• Приглашаем посетить наш сайт
    Булгарин (bulgarin.lit-info.ru)
  • Щеблыкин. Эволюция женских образов в романах И. А. Гончарова.

    Щеблыкин И. П. Эволюция женских образов в романах И. А. Гончарова // Гончаров И. А.: Материалы Международной конференции, посвященной 190-летию со дня рождения И. А. Гончарова / Сост. М. Б. Жданова, А. В. Лобкарёва, И. В. Смирнова; Редкол.: М. Б. Жданова, Ю. К. Володина, А. Ю. Балакин, А. В. Лобкарёва, Е. Б. Клевогина, И. В. Смирнова. — Ульяновск: Корпорация технологий продвижения, 2003. — С. 171—178.


    И. П. ЩЕБЛЫКИН

    ЭВОЛЮЦИЯ ЖЕНСКИХ ОБРАЗОВ
    В РОМАНАХ И. А. ГОНЧАРОВА

    В данной статье пойдет речь об эволюции центральных женских персонажей в романах писателя: о Лизавете Александровне, Ольге Ильинской, о Вере. Как характеры они не переходят из одного романа в другой, в отличие от мужских образов (Александр Адуев — Обломов — Райский), которые объединяют все три романа Гончарова в один в силу своей внутренней взаимосвязанности*1.

    Женские персонажи*2 аналогичной функции не выполняют. Каждый из них имеет свой цикл внутри произведения и дальнейшего развития не получает, хотя сходные моменты в тех или иных ситуациях отыскать можно. Так, Ольга Ильинская после разрыва с Обломовым обретает новую жизнь со Штольцем, а Вера после «падения» в обрыве находит поддержку у Тушина. Но это сходство ситуаций, а не характеров*3. И естественно спросить: о какой эволюции женских образов можно говорить, если характеры, воплощенные в них, в последующих произведениях писателя не появляются? Вопрос резонный.
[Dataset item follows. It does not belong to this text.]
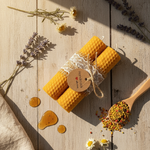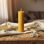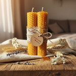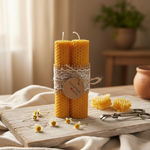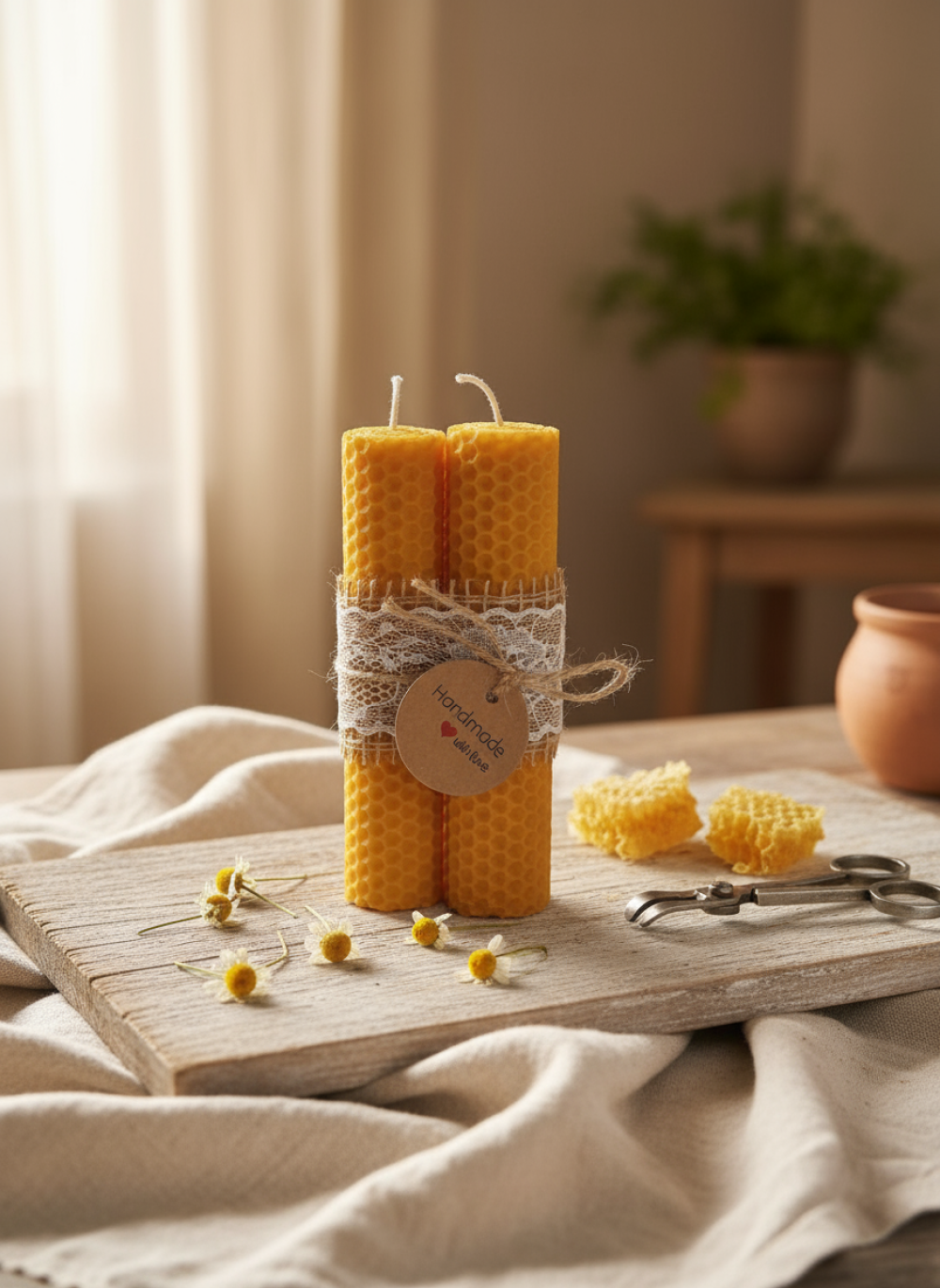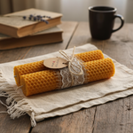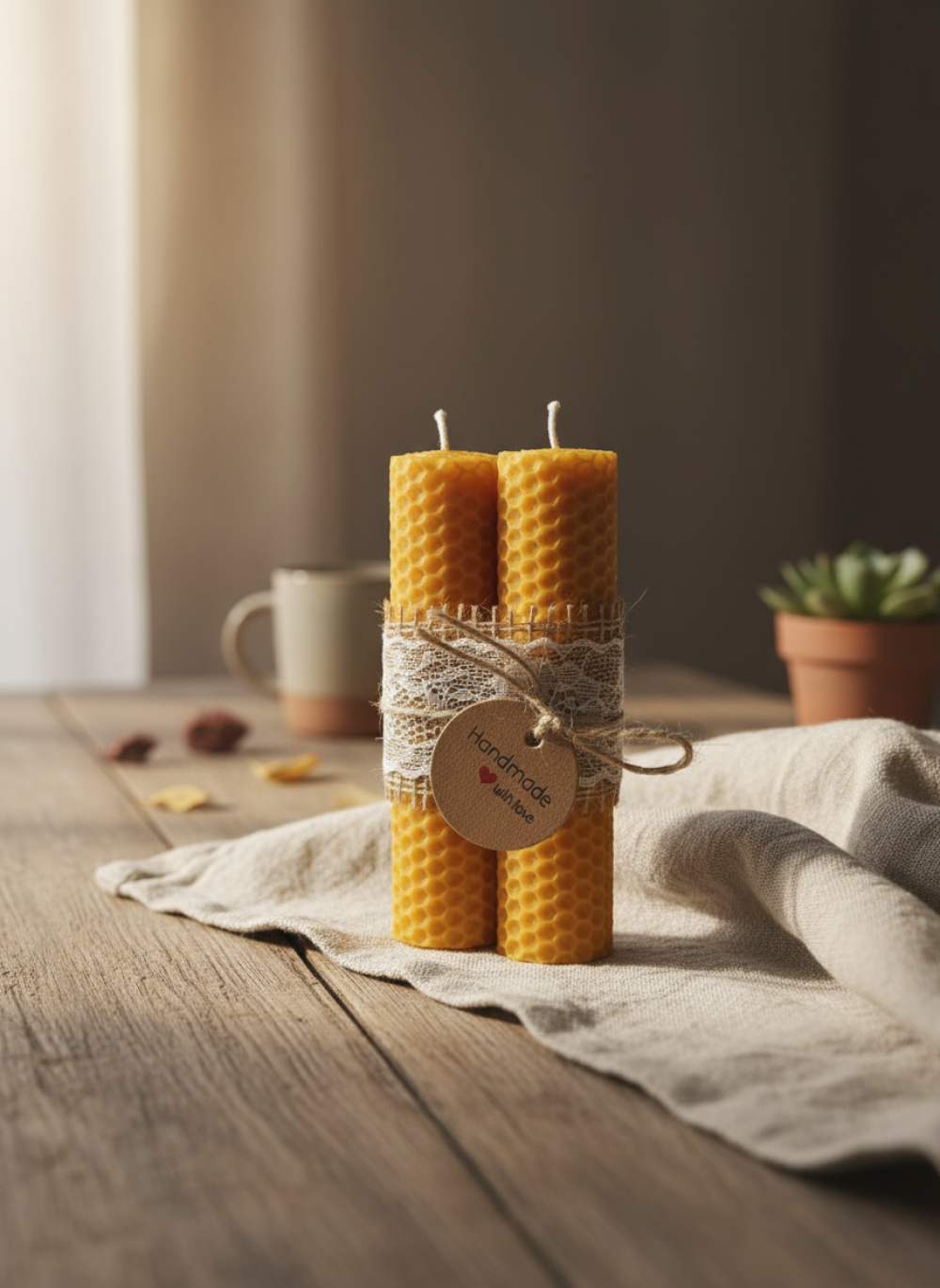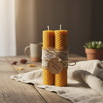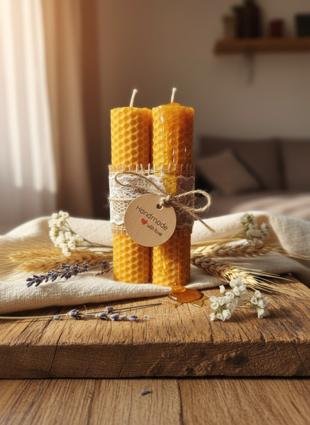 Lot de 2 bougies artisanales en cire d’abeille roulée, 100% naturelles et faites à la main. Un duo chaleureux, au parfum miel subtil, parfait pour une décoration rustique, zen ou comme idée cadeau.

    Но под эволюцией образов следует понимать не только их продолжение. Строго говоря, в динамике любых художественных текстов эволюционируют не сами характеры и типы, а авторское сознание, его восприятие закономерностей жизни, зафиксированное в образах-персонажах. С этой стороны не столь важно, отражены ли перемены авторского сознания в прежних образах или данный процесс получил воплощение в каких-то новых вариантах, порою не связанных с предшествующими художественными моделями.

    Во всяком случае, в романах Гончарова линия женских образов значима не только сама по себе, как объективированная реальность, но и (возможно, в большей степени) как отражение собственных, субъективных представлений автора о происходящих в обществе переменах и конфликтах. Именно в такой плоскости мы и намерены коснуться эволюции женских образов Гончарова, предполагая уяснить ответы писателя на вопросы о том, что такое настоящая любовь, чем она регулируется в обществе, какова мера ответственности личности в этой сфере перед самим собой и другими, как и в какой степени духовно-нравственные компоненты сходятся с иными сторонами человеческого прогресса. Поэтому недостаточно говорить о романах Гончарова преимущественно как о романах «воспитания»*4. Они включают в себя, помимо вопросов воспитания, проблемы социальных отношений, онтологии, философии, эстетического и нравственного идеала, что существенно расширяет жанровые рамки романа. Об этом свидетельствует эволюция женских образов, указанных в начале статьи. Рассмотрим их по порядку.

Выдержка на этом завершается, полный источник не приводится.